Индуцированную мокроту брали после курса терапии ронколейкином. Оценка влияния фармацевтического препарата ронколейкин (500000 ME, Биотех, Россия) на местные факторы защиты легких больного тяжелой внебольничной пневмонией производилась аналогично примеру №1. Данные представлены в таблице 5.

Таблица 5
Показатели резервных возможностей фагоцитов индуцированной мокроты больного тяжелой внебольничной пневмонией на 3 день (АБТ) лифораном и после терапии ронколейкином
	контроль	3 день АБТ	Ронколейкин
НСТ-тест	21,0±2,3	-26,2	4,2
МПО	3,6±0,25	-34,7	3,1
КФ	6,3±0,41	-4,3	4,7
КБ	19,2±1,4	-18,1	-2,5
5'-нуклеотидаза	-5,0±0,46	2,8	-4,6
5'-нуклеотидаза	-5,0±0,46	2,8	-4,6

После терапии иммуномодулятором ронколейкин у больного наблюдалось повышение ПРВ, следовательно, действие изучаемого фармакологического препарата можно оценить как повышающее местную противоинфекционную защиту организма. При этом показатели резервных возможностей по трем параметрам практически достигли значений здоровых лиц, следовательно, можно констатировать нормализацию изначально нарушенной местной противоинфекционной защиты легких данного больного, а действие ронколейкина оценить как повышающее и нормализующее местный иммунитет.

Пример №4

Больной Кульков Л.С., возраст 18 лет.

Диагноз: Острый бронхит.

Оценивалось влияние биологически активной добавки (БАД) Тинростим-СТ+ (табл.0,2 г; ТИНРО-центр, Россия) на местные факторы защиты легких больного острым бронхитом.

Больной получал препарат Тинростим-СТ+ по 0,2 г, 2 раза в день, в течение 10 дней. Индуцированную мокроту брали в первый день поступления больного в стационар и на 10 день терапии. Оценка влияние БАД на местные факторы защиты легких больного производилась аналогично примеру №1.

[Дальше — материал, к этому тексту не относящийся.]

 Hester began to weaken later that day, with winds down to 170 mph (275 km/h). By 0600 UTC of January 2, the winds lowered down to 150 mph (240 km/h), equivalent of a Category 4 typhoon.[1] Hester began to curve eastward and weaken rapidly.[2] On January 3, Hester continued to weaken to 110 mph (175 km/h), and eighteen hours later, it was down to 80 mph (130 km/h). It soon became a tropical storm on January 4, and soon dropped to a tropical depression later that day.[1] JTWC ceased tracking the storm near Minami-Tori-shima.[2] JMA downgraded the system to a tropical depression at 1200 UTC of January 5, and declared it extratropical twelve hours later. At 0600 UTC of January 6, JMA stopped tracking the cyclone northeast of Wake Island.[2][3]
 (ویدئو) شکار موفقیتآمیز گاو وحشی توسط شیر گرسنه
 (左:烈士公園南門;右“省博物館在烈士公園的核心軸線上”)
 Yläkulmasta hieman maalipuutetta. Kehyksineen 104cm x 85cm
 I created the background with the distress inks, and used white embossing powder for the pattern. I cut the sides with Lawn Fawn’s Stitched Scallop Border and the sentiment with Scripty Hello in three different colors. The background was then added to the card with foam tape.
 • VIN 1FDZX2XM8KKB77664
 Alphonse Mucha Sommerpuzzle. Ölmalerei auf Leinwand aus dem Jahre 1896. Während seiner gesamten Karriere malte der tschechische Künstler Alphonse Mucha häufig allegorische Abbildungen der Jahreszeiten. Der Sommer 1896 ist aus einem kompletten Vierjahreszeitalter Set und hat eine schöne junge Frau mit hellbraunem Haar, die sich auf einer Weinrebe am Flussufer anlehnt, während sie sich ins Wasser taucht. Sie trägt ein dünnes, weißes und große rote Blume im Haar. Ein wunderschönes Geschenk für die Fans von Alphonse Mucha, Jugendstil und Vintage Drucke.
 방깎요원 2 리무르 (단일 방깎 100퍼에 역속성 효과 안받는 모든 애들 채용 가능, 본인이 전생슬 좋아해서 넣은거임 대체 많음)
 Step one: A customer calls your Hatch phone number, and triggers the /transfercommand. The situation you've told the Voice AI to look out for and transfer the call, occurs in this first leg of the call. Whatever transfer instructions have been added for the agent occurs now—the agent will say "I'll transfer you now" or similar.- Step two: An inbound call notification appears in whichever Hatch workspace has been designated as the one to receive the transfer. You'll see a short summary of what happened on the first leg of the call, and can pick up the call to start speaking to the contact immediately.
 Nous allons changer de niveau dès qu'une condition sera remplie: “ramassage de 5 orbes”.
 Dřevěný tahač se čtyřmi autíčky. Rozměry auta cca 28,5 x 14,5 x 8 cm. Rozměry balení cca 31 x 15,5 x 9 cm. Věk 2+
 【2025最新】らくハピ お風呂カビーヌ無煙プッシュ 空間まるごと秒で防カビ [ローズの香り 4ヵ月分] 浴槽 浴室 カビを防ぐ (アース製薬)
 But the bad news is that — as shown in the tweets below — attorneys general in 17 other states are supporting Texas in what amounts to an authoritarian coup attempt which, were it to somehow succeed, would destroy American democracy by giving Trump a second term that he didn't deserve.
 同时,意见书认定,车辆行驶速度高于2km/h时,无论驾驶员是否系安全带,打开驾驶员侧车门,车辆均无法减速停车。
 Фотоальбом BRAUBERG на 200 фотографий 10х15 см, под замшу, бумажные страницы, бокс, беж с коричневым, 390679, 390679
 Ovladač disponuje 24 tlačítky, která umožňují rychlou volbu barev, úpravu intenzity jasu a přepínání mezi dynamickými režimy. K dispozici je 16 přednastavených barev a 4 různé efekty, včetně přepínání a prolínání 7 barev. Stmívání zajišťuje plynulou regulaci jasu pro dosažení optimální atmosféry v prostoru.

Данные представлены в таблице 6.

Таблица 6
Показатели резервных возможностей фагоцитов индуцированной мокроты больного острым бронхитом до лечения и после применения БАД Тинростим-СТ+
	контроль	до лечения	БАД
НСТ-тест	21,0±2,3	15,2	19,8
МПО	3,6±0,25	-4,76	2,9
КФ	6,3±0,41	-6,5	2,3
КБ	19,2±1,4	11,6	18,8
5'-нуклеотидаза	-5,0±0,46	-2,1	-4,8

Сравнение ПРВ больного до начала терапии и соответствующих показателей здоровых лиц свидетельствовало об изначально сниженной местной противоинфекционной защите легких пациента. Положительная динамика значений ПРВ после проведения терапии с БАД Тинростим-СТ+ (увеличение ПРВ фагоцитов, рассчитанных по значениям НСТ-теста, МПО, КФ и КБ, и снижение ПРВ по 5'-нуклеотидазе), по сравнению с начальными показателями больного, свидетельствует о благоприятном действии препарата на факторы местного иммунитета. Повышение сниженных начальных значений ПРВ до показателей здоровых доноров после приема препарата свидетельствует о восстановлении функциональных резервов иммунных фагоцитов и, соответственно, нормализации местной защиты легких, следовательно, действие БАД Тинростим-СТ+ можно оценить как повышающее местный иммунитет.